Hyaluronic acid is a glycosaminoglycan, a non-sulfated high molecular weight polysaccharide that is found in the extracellular matrix of all animal tissues. Hyaluronic acid is especially abundant in connective tissues, but also present in nervous tissue and epithelia. It was isolated in 1934 from the vitreous humor of the bovine eye. It is an extremely large molecule with a high capacity of hydration. This property gives the tissues resistance to mechanical pressures and lubrication, but also other functions related to cellular communication and differentiation. Although hyaluronic acid associates with other molecules in the extracellular matrix, it does not form covalent bonds with them, which is a unique feature among glycosaminoglycans. It appeared late in evolution, perhaps from the first chordate animals.

Molecular features

The molecular structure of hyaluronic acid was unraveled in 1950. It is a polymer formed by pairs of disaccharides, D-glucuronic and N-acetyl glucosamine, linked by alternating bonds: (1-3)-beta-D-N-acetyl glucosamine- (1-4)-beta-D-glucuronic. Some molecules can have up to 25000 repetitions of these pairs and reach 20000 kDa. In aqueous conditions it adopts a folded and globular organization, but if it were extended by pulling its two ends it could reach about 15 µm in length, greater that the diameter of an erythrocyte.

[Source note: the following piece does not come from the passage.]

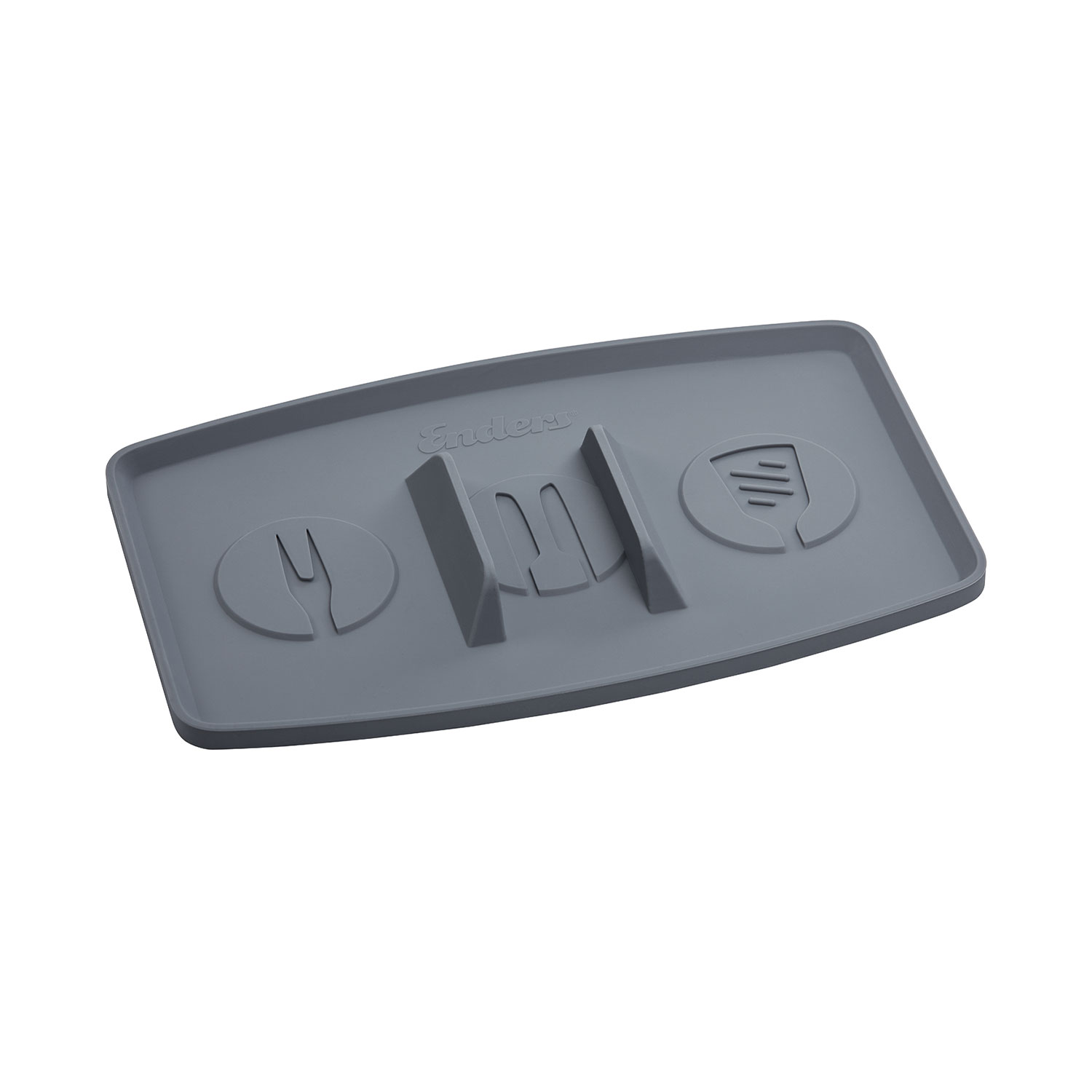 Besteckablage aus Silikon Die Ablage aus Silikon ist der praktische Helfer für benutztes verschmutztes Grillbesteck während des Grillvorgangs. Sie kann auf der Seitenablage deines Grills oder anderen ebenen Untergründen positioniert werden. Dort saugt sie sich fest, sodass ein Verrutschen verhindert wird. Grillzangen ohne Verschluss können durch die besondere Form der Ablage in diese platzsparend eingespannt werden. Dank des Silikons ist die Ablage hitzebeständig und leicht abwaschbar.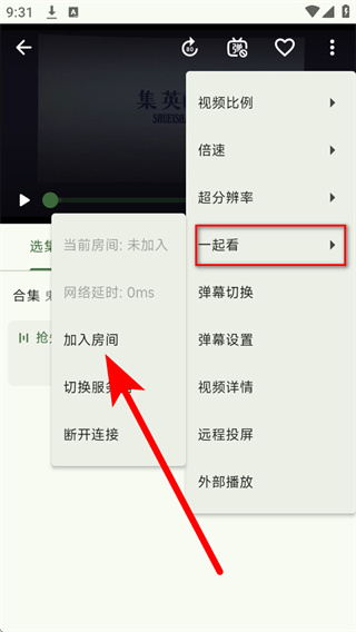5、在功能選項中找到一起看選項并點擊,隨后選擇加入房間,即可和他人同步觀看該動漫。

Hyaluronic acid is dissolved in the extracellular matrix in the form of salt, as hyaluronate. In 1972, it was discovered that hyaluronic acid is able to act as a backbone to which other proteoglycans are associated by means of electrostatic bonds through electrostatic interactions. These molecules are other proteoglycans such as aggrecan, versican and neurocan. It acts as the backbone where these proteoglycans can be attached. This creates huge saccharide networks in the extracellular matrix. However, unlike other glycosaminoglycans, hyaluronic acid does not bind directly by covalent chemical bonds to polypeptides of the extracellular matrix; therefore, it does not form proteoglycans.

Ácido hialurónico
Diagram where the electrical links between groups of nearby sugars are shown which makes the hyaluronic acid molecule do not fold easily. The numbers in blue indicate the beta type bonds between contiguous sugars (Modified from Glycoforum)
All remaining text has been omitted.